Low Turnout Called ‘Slap in the Face’ to Premier : French Back New Caledonia Peace Plan
PARIS — French voters Sunday approved a 10-year peace plan for the South Pacific territory of New Caledonia, where white settlers and Melanesian separatists have been involved in a bloody ethnic conflict since 1984. Opposition political leaders charged that the record-low turnout for the referendum, which grants limited autonomy to the archipelago until a vote for independence scheduled for 1998, was a “slap in the face” to the Socialist government of Premier Michel Rocard.
Nearly 80% of those voting supported the peace agreement that Rocard personally brokered in June between leaders of rival Melanesians, known locally as Kanaks, and the mostly white settlers, called Caldoches. However, a record 62% of eligible French voters failed to go to the polls.

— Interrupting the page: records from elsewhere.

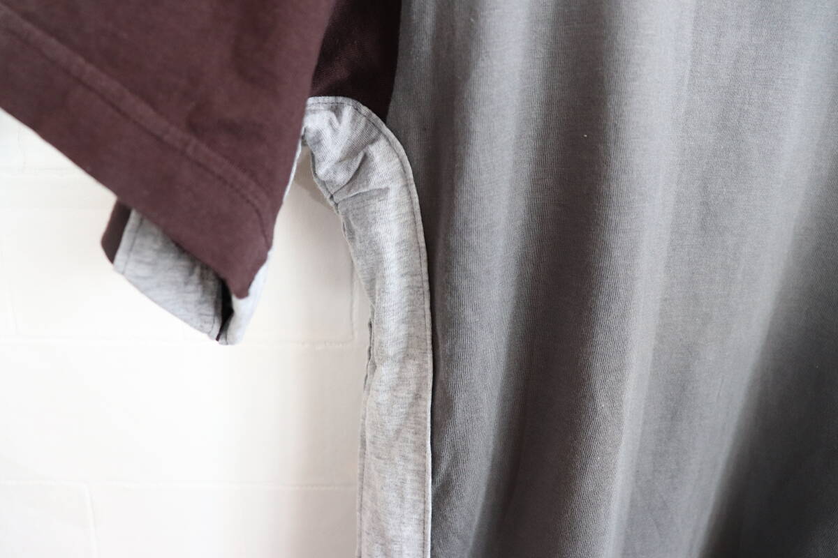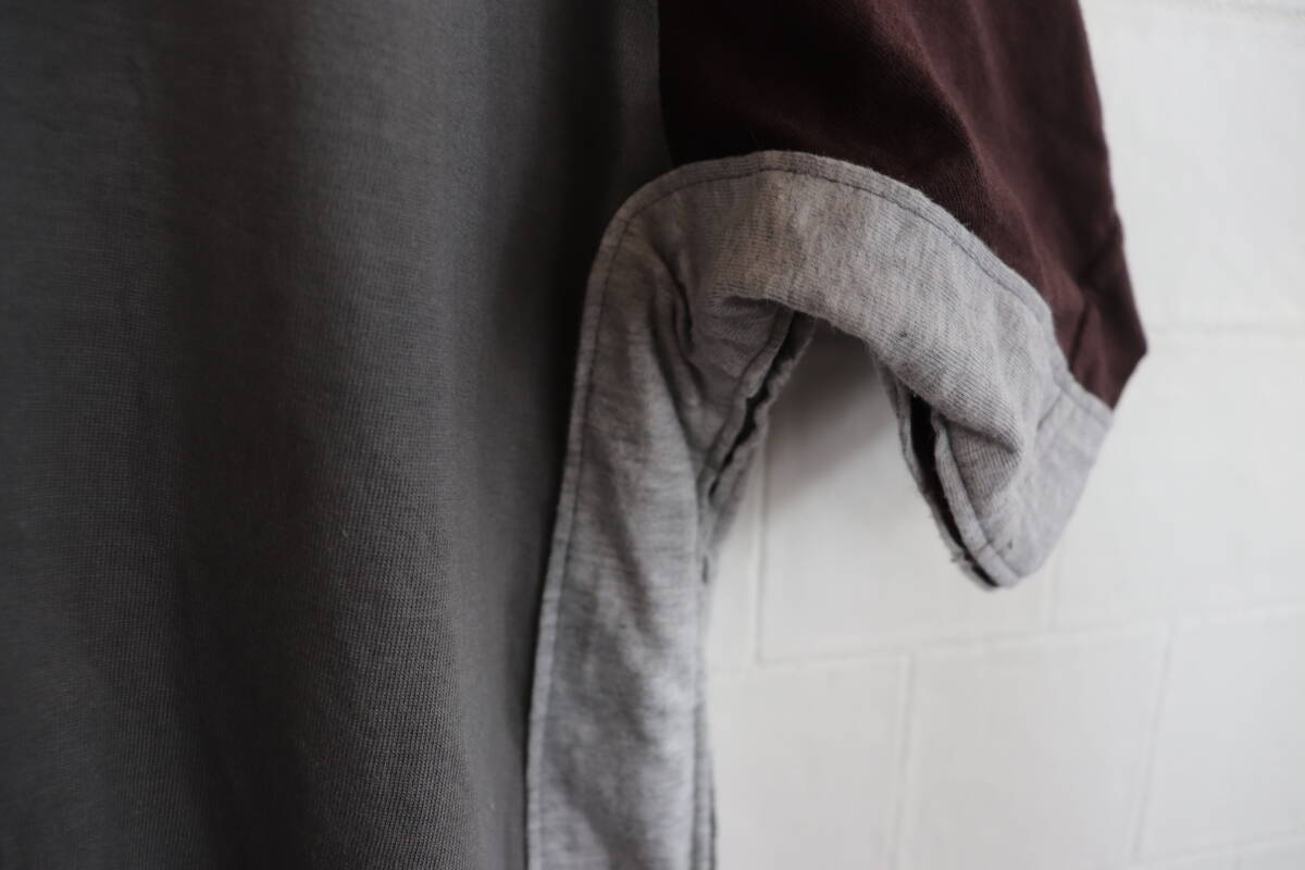 ・身頃はチャコール、アームはバーガンディーのパネル切替で、脇下&サイドにはグレーの充て布が施されております。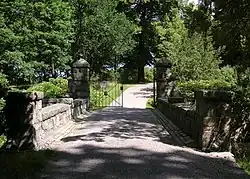 Můstek z parku na ostrov a velký křížový pomník u nejvyššího hrobu navrhl Ferdinand Boberg.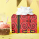 Abstrait rouge, noir et jaune tourbillons colorés papier d'emballage personnalisé. Conception par Susan.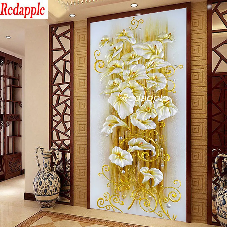 Цветочная Золотая Лилия цветочный узор полная дрель 5D DIY Алмазная картина вышивка крестиком Стразы мозаика большой домашний декор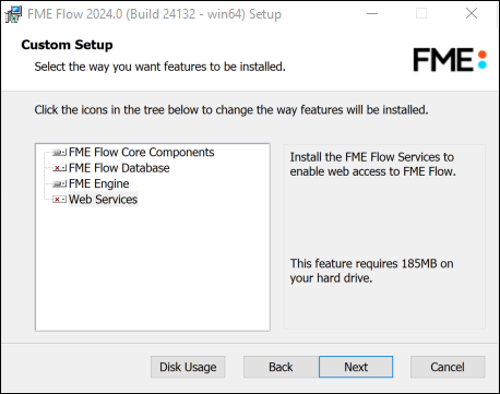 Select FME Flow Core Components and FME Engine. Do not select FME Flow Web Services.
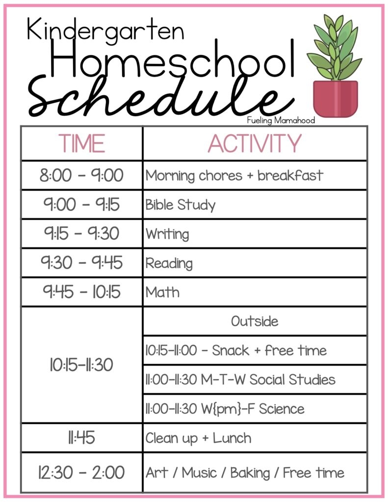 Printable Kindergarten Homeschool Schedule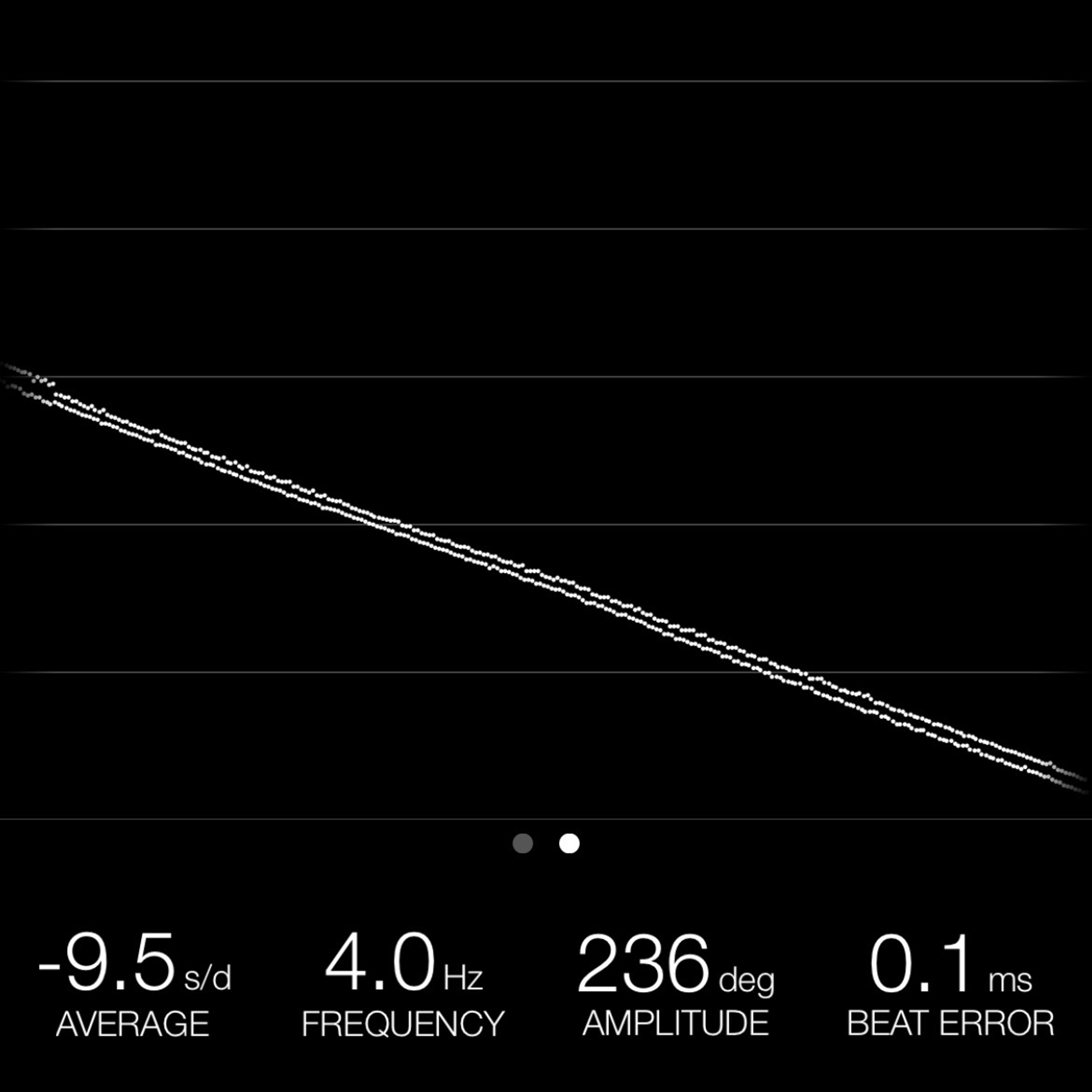 This reading was taken (crown down) with a ONEOF Accuracy Boutique Edition timing machine at time of cataloging. It is provided as a courtesy only, and shall not be construed as a warranty or guarantee of any kind. Please refer to our terms and conditions of sale for more information.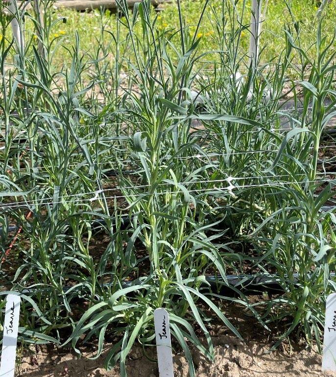 A horizontal trellis (also known as netting) is recommended to reinforce plants and promote straight, marketable stems, especially in high-wind locations. Carnation stems can be wispy and delicate and may topple under the weight of the flower heads. Under ideal field conditions, carnation can reach up to 40 inches tall, and mesh trellis (6-by-6-inch) pulled taut across the bed is the most effective support (Figure 3) Trellis is easiest to install before or right after planting and can also serve as a planting grid. Installing when the plants are taller is cumbersome and can damage the stems. Two methods for staking the trellis can be implemented. If shade or low tunnels are used, the hoops can support the trellis across the row. See USU Extension’s “Low Tunnels for Field Cut Flower Production” fact sheet for more information. Alternatively, wooden stakes or rebar can be installed at 3- to 5-foot intervals along the bed edge. Move the trellis upward as the plants grow to match half the height of the tallest stems.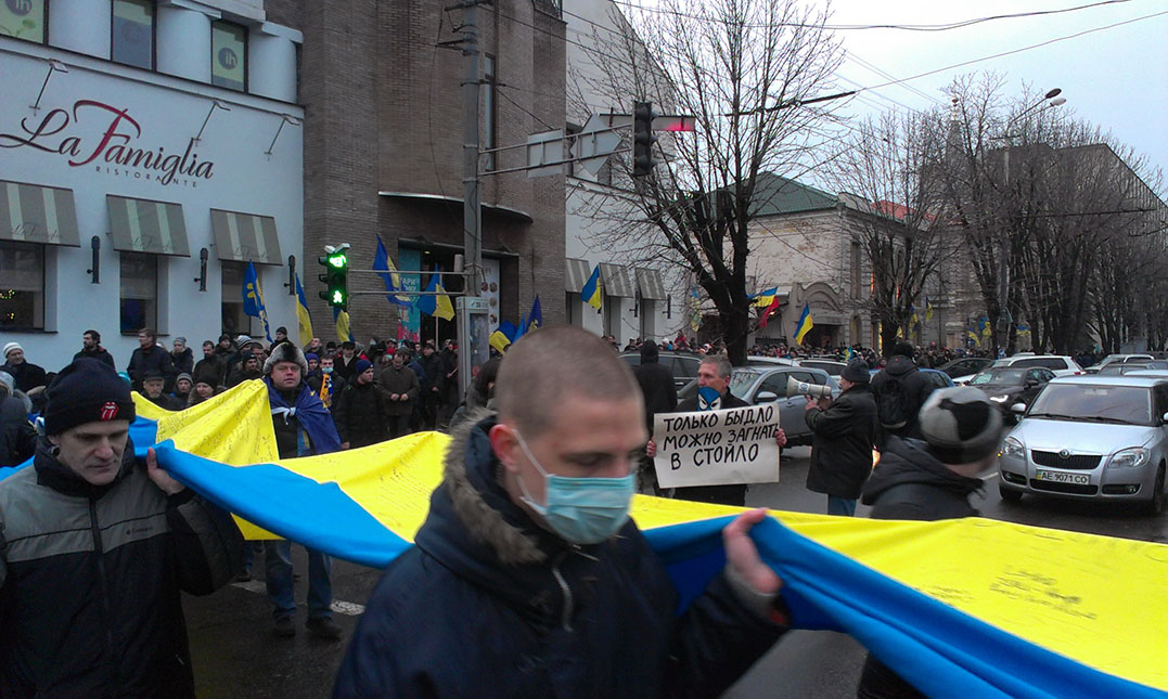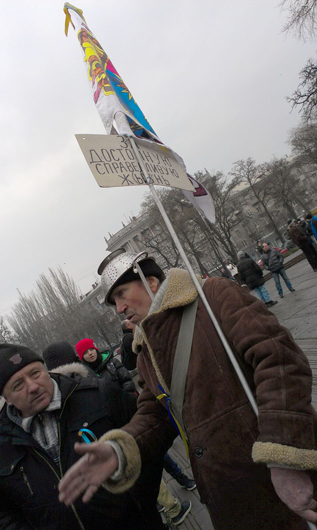 И на майдане в Днепропетровске, и по всей Украине не только кастрюлеголовые были. Люди надевали на головы вёдра, дуршлаги, впервые тогда я увидела балаклаву. Ха-ха, и медицинские маски в тот день надевали! Автор с подружкой были в карнавальных масках.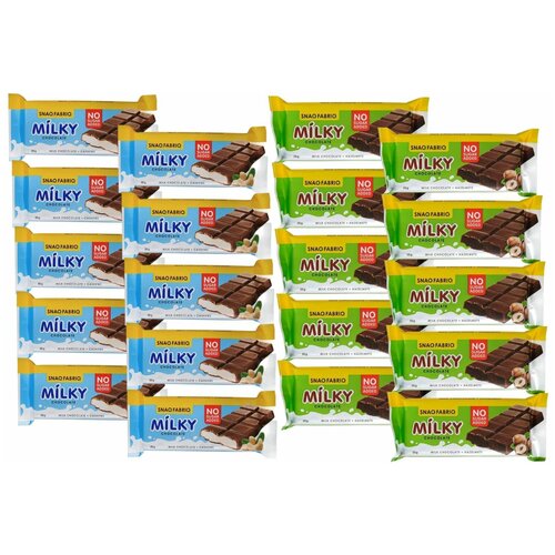 Молочный шоколад Snaq Fabriq Milky без сахара ассорти: с молочно-ореховой и шоколадно-ореховой пастой 55 гр (20 шт)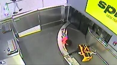 Graban a un niño siendo arrastrado por una cinta transportadora de maletas en el aeropuerto de Atlanta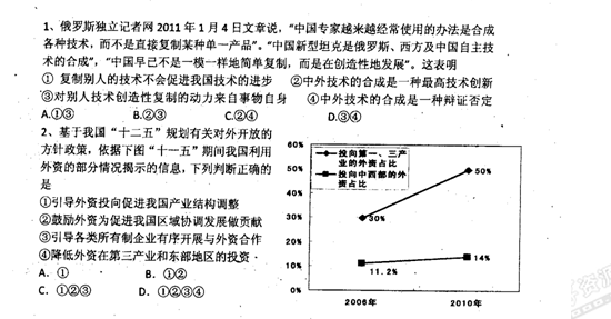 天津市耀华中学2011届高三内部第一次模拟考试(政治)扫描版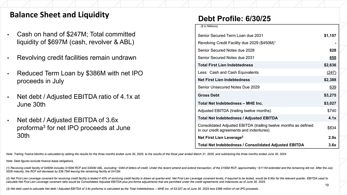 Balance Sheet and Liquidity Debt Profile: 6/30/25 ($ in Millions) • Cash on hand of $247M; Total committed Senior Secured Term Loan due 2031 $1,157 1 Revolving Credit Facility due 2029 ($450M) liquidity of $697M (cash, revolver & ABL) - Senior Secured Notes due 2028 828 Senior Secured Notes due 2031 650 • Revolving credit facilities remain undrawn Total First Lien Indebtedness $2,636 Less: Cash and Cash Equivalents (247) • Reduced Term Loan by $386M with net IPO Net First Lien Indebtedness $2,388 proceeds in July Senior Unsecured Notes Due 2029 639 Gross Debt $3,275 • Net debt / Adjusted EBITDA ratio of 4.1x at Total Net Indebtedness – MHE Inc. $3,027 June 30th Adjusted EBITDA (trailing twelve months) $740 Total Net Indebtedness / Adjusted EBITDA 4.1x • Net debt / Adjusted EBITDA of 3.6x Consolidated Adjusted EBITDA (trailing twelve months as defined 3 $834 proforma for net IPO proceeds at June in our credit agreements and indentures) 2 30th Net First Lien Leverage 2.9x Total Net Indebtedness / Consolidated Adjusted EBITDA 3.6x Note: Trailing Twelve Months is calculated by adding the results for the three months ended June 30, 2025, to the results of the fiscal year ended March 31, 2025, and subtracting the three months ended June 30, 2024. Note: Debt figures exclude finance lease obligations. (1) Revolving credit facility of $450M includes $150M RCF and $300M ABL, excluding ~$4M of letters of credit. Under the recent amend and extend transaction, of the $150M RCF, approximately ~$111M extended and the remaining did not. After the July 2026 maturity, the RCF will decrease by $38.75M leaving the remaining facility at $412M. (2) Net First Lien Leverage covenant for revolving credit facility is tested if 40% of revolving credit facility is drawn at quarter-end. Net First Lien Leverage covenant levels, if required to be tested, would be 6.95x for the relevant quarter. EBITDA used to calculate Net First Lien Leverage covenant ratio would be Consolidated Adjusted EBITDA plus pro-forma adjustments that are permitted under the credit agreements and indentures as of June 30, 2025. 19 (3) Net debt used to calculate Net debt / Adjusted EBITDA of 3.6x proforma is calculated as the Total Indebtedness – MHE Inc. of $3,027 as of June 30, 2025 less $386 million of net IPO proceeds.

The Gaullist Rally for the Republic party had called for voters to abstain from voting in the referendum, the seventh national vote in France in the last six months. “The referendum was a fiasco,” the party’s president, Alain Jupe, said Sunday night, “and the results were a slap in the face to the government.”
Rocard admitted that the turnout was “weak.” But he said the favorable vote heralds “10 years of peace and 10 years of the chance for development in New Caledonia.”
Both Rocard and President Francois Mitterrand had made personal appeals for voters to support the agreement as a symbol of fraternity and justice on the islands, where the population of 145,000 is divided among the native Melanesians, the fiercely pro-French Caldoches and an Asian population that generally sides with the pro-French elements.
TV Ads Unsuccessful
A series of television advertisements, including one that featured a poster of Marilyn Monroe, attempted unsuccessfully to steer the French to the polls. France has controlled the island chain, 1,000 miles east of Australia, since 1853. But since 1984, violent clashes between the two main groups on the islands, the Melanesians and the Caldoches, have become increasingly frequent, resulting in more than 40 deaths.
The archipelago is currently under direct control of France, which gives it an annual subsidy of more than $350 million and pays the wages of 5,000 civil servants and 7,000 soldiers and police on the island.
Under terms of the referendum, the territory would be divided into three provinces with provincial governments by next summer.
While the vote in favor of the government-sponsored referendum was lopsided in mainland France, it was much closer in New Caledonia. There, 57% of the voters favored the agreement and 42% opposed it.
Significantly, the vote against the referendum was highest (63%) in the largest city of Noumea, dominated by the white settlers.
The high negative vote in Noumea was a personal setback for Jacques Lafleur, 56, the Noumea mayor and Caldoche leader who signed the agreement with Melanesian leader Jean-Marie Tjibaou, 52, a former priest.